Within liver cells, Citrin transports glutamate into the mitochondria, and transports aspartate out (malate-aspartate shuttle). In order for aspartate to enter the urea cycle, sufficient amount of aspartate have to be transported out. Mutation in the SLC25A13 gene prevents transportation of aspartate into cytosol, and therefore prevents formation of arginosuccinate. This leads to discontinuation of the Urea cycle, and contributes to improper metabolism of hamful nitrogen molecules.

There is a decreased level of ASS1 enzyme in liver cells, however, the enzyme concentrations in other tissues/cells are normal.



Effects of Ammonia Accumulation

Citrullinemia can cause

• muscle weakness
• poor growth
• enlarged livers
• mental retardation
• respiratory problems (difficulty breathing)
• Brain damage (swelling)
• Paralysis, death

Signs and Symptoms

Type 1
Symptoms become evident during first few days of life (infant)

• Lethargy
• Poor-feeding
• Seizures
• Unconsciousness

A milder form of the disease can develop in late childhood/adulthood. Symptoms are as follows:

• Intense headaches
• Loss of vision (partial)
• Ataxia (lack of muscle and balance coordination)
• Lethargy

Type 2
Symptoms caused by type 2 citrullinemia may appear during adulthood

• Confusion
• Aggression
• Restlessness
• Memory loss
• Hyperactivity

*These symptoms can be triggered by medications, alcohol intake, and infections.



Diagnosis

Patients with extreme citrullinemia have plasma ammonia concentration of 1000-3000 µmol/L. The Plasma Quantitative amino acid analysis reports an absence of arginosuccinic acid and high concentration of citrulline (greater than 1000 µmol/L).
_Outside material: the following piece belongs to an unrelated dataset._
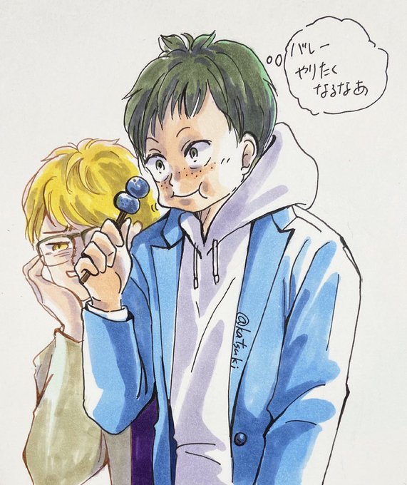 観戦中の月山ちゃん。 帰ったらバレーやろうってつっきを誘う。 ふわちゃんがコピックの色を載せてたのが興味深かったので真似してみた。違うもんだなあ。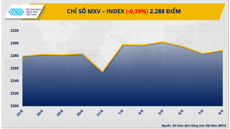 Theo Sở Giao dịch Hàng hóa Việt Nam(MXV), thị trường hàng hóa nguyên liệu thế giới vừa trải qua một tuần giao dịch giằng co với sự phân hóa ở nhiều nhóm mặt hàng quan trọng. Chỉ số MXV-Index đóng cửa tuần giảm 0,4% xuống 2.288 điểm, giá trị giao dịch toàn sở cũng sụt giảm xuống còn 3.200 tỷ đồng mỗi phiên, phản ánh tâm lý thận trọng của các nhà đầu tư trong nước trước diễn biến thị trường.

*Normal range of citrulline is 50 µmol/L.

There is also a decrease in ASS1 enzymatic activity in  in fibroblasts, liver, and other tissues where the enzyme is expressed. Molecular genetic testing of ASS1 gene is clinically available.
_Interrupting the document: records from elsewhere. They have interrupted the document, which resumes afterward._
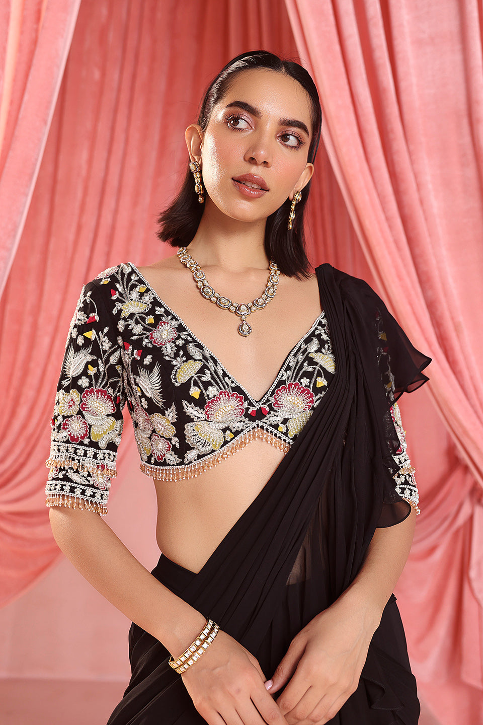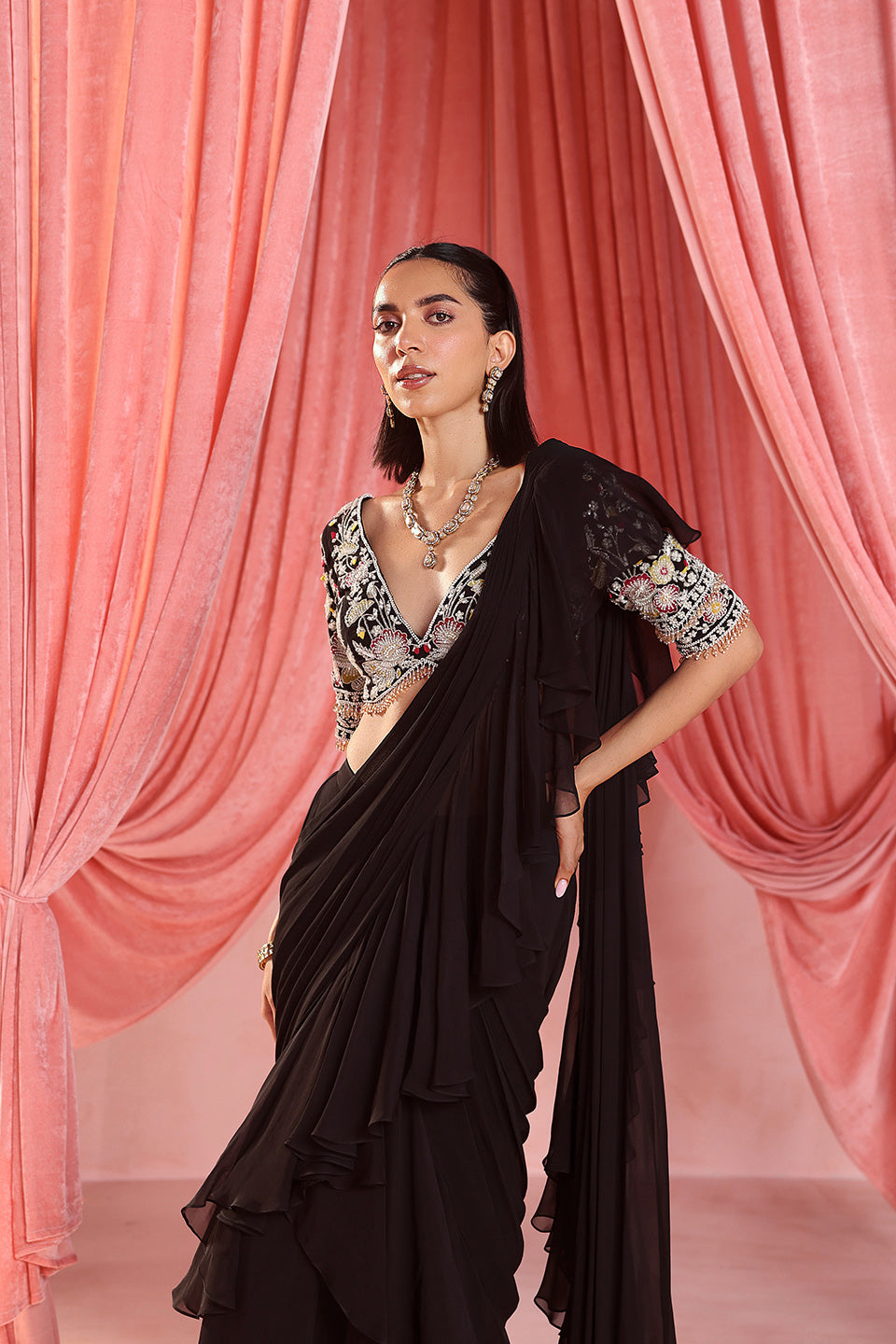 Pre-Stitched Ruffle Saree Paired With An Embellished Choli.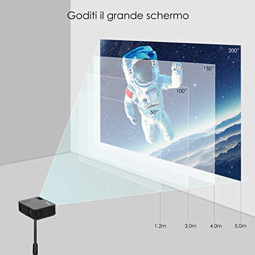 ▶GRANDE ESPERIANZA VISIVA◄ La grandezza della Proiezione è da 45 a 200 pollici, con una distanza che varia da 1.5 a 5.5 metri. la risoluzione nativa è 1280*800 e,proiettore supporta l'intero hd 1080p.I tuoi occhi non saranno più stanchi anche se guarderai a lungo.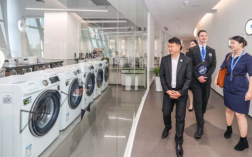利郎供应链上下不断攻克技术难题、寻求最优解决方案。“光是面料方面,就挑选了数百种。该款面料是利郎面料研究所自主研发专业耐洗面料,机洗不易变形褪色,舒适轻弹抗皱,面料一抚即平,机洗后无需熨烫即可自然平整,轻松做到30次机洗不易褪色不易变形。”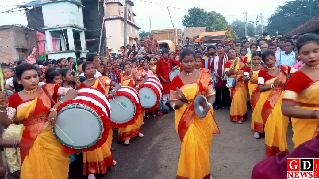 प्रतिमा विसर्जन के दौरान महिला ढाकी दल की धूम।

Prenatal diagnosis can be performed by measuring activity of ASS enzyme in cultured chorionic tissue and amniocytes.

Treatment
The treatment focuses on the prevention of ammonia build-up


1) Low-protein diet. This diet should continue throughout the patient's lifetime.

• A diet with high levels of protein causes accumulation (build-up) of ammonia in the body due to increased level of amino acid derived from protein molecules. But, this does not mean protein should be 100% eliminated from the child's diet. Small amounts of protein can be consumed in carefully measured amounts, to support the growth and development of the child.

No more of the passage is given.